Tuesday 1 March 2016

Beyond Gratefulness, Towards Gratitude


In the midst of campaigning for social change we can become overly focused on what is wrong with the world.  We may become despondent, perhaps even angry.  We want to fix the world so that our own lives and those of others can be better.

Every so often though, something happens to us, or for us.  A friend shouts us dinner, or a rainstorm breaks a seven week drought.  Suddenly we feel grateful to the friend, grateful for the rain.

Gratefulness can often be like that.  In the midst of all the troubles of the world something good happens, or we receive a benefit of some sort.  Our response is to feel grateful.  Feeling grateful in such situations allows other emotions to be opened up: happiness, joy, or love towards the friend that bought us dinner.

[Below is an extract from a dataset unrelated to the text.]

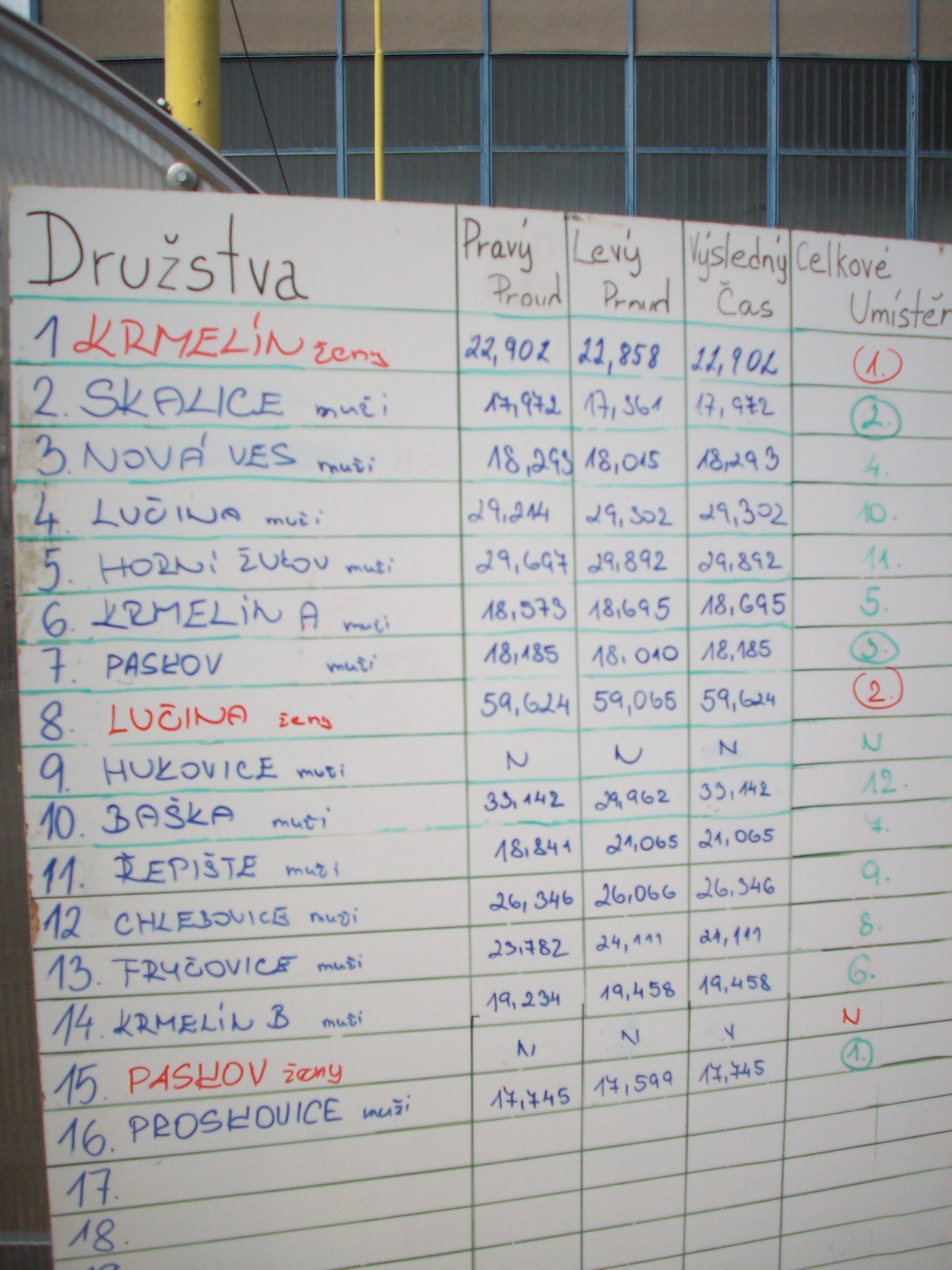 Výsledky pohárové soutěže

But, what if, at the time the rains began, I had been in a grumpy mood.  The rainfall then may have exacerbated my grumpiness, because I was now getting wet and soaked through.  I would not feel grateful for the rain, indeed, I may feel decidedly ungrateful.

My prior state-of-mind, to some extent, determined whether I felt grateful or ungrateful.

Towards Gratitude

That is where we must move beyond gratefulness, towards gratitude.  Gratitude is something more than the oft fleeting, temporary, feeling of gratefulness.  Gratitude is a state-of-mind, a way to approach the world, irrespective of what life throws us.

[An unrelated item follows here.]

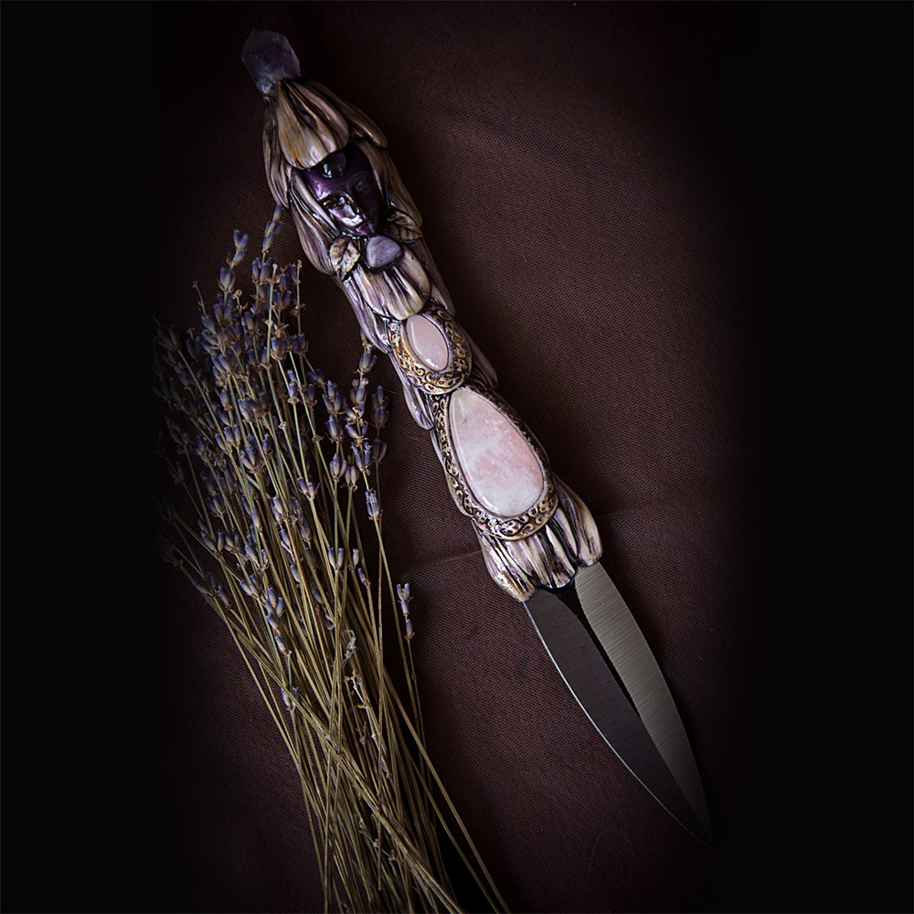 Навершие и рукоять — это душа и сердце инструмента. В их основе лежит аметист — магический кристалл высшей чистоты. Он не вставлен, а будто вырос из самой рукояти, холодным фиолетовым пламенем вобравшим в себя мудрость глубин и ясность горных вершин. Аметист служит фильтром и трансформатором: рассеивает хаос мысли, оберегает дух оператора от чуждых влияний и настраивает всё существо на частоту высших намерений. Вокруг этого царственного сердца, в причудливом узоре, сплетаются иные дети Земли. Каждый камень — живой, дышащий союзник.

Many of the world’s religious and spiritual traditions speak of gratitude.  Notwithstanding our religious, or non-religious, beliefs, their understandings can be informative.

The Benedictine monk, David Steindl-Rast, declares that gratitude…
“…is not a reaction to the present moment, because that would be something automatic.  But it is a chosen response.  It’s a real response to every moment.”1
The Buddha too, spoke of gratitude.  In his language, Pali, the word katannuta is often translated as gratitude.  Katannuta is a combination of two Pali words: kata meaning “that which has been done,” and annuta meaning “knowing or recognising.”  Katannuta, then, is a conscious recognition that something has been done for us.

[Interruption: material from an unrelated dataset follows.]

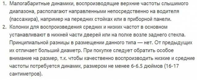 Профессионалы не рекомендуют приобретать динамики с размерами 10-13 сантиметров. Наиболее качественные считаются динамики с размерами 16-17 сантиметров. Именно такие динамики отлично воспроизводят звуки на низких частотах. А для воспроизведения высококачественных частот используются динамики с небольшим диаметром.

Thus, for Steindl-Rast and the Buddha, gratitude embraces a sense of cognition, a deliberate mental focus.  It is this mental focus that moves us beyond the feeling of gratefulness towards gratitude.  Gratitude is, quite simply, a state-of-mind.  Being a state-of-mind means that gratitude can be cultivated; it can be enhanced, developed and nourished.

What is it that we know or recognise that leads to gratitude?  We fully understand, know and recognise the truth of interconnectedness and the complexity of life.

Think of this blog that you are reading right now.  The components of the computer, tablet or smart phone that you are reading it on have been manufactured by workers in other parts of the world whom you have never met.  The materials they used were dug from the earth or manufactured by other workers elsewhere.  The components, and the final product, have been transported by truck or train drivers, perhaps by bicycle.  The final product was then sold to you by a shop assistant in a store.  All of these people are able to do their job because others tilled the soil and planted crops to feed them.  The crops themselves are dependent upon the nutrients and microbes in the soil, by the sunshine and the rainfall.  That’s just a start: think of the power that enables your device to be turned on so that you can read this.  Think of those who taught you to read; your parents who brought you into this world, and transported you to school so that you could learn to read.

Yes, it is a complex world and everything and everyone are interconnected.  That is the knowing and recognising behind gratitude.  It is also what is behind compassion – a close ally of gratitude.  When we know and recognise this great complexity and interconnectedness; and when we keep hold of that knowledge in our consciousness it is possible to maintain gratitude.

So, next time you become despondent about the lack of progress in social change, do as David Steindl-Rast suggests:
“The first thing is that we have to stop.”
Then, in that moment, lies the opportunity to mindfully apply gratitude.


1. David Steindl-Rast in interview with Krista Tippett, On Being – Anatomy of Gratitude, 21 January 2016.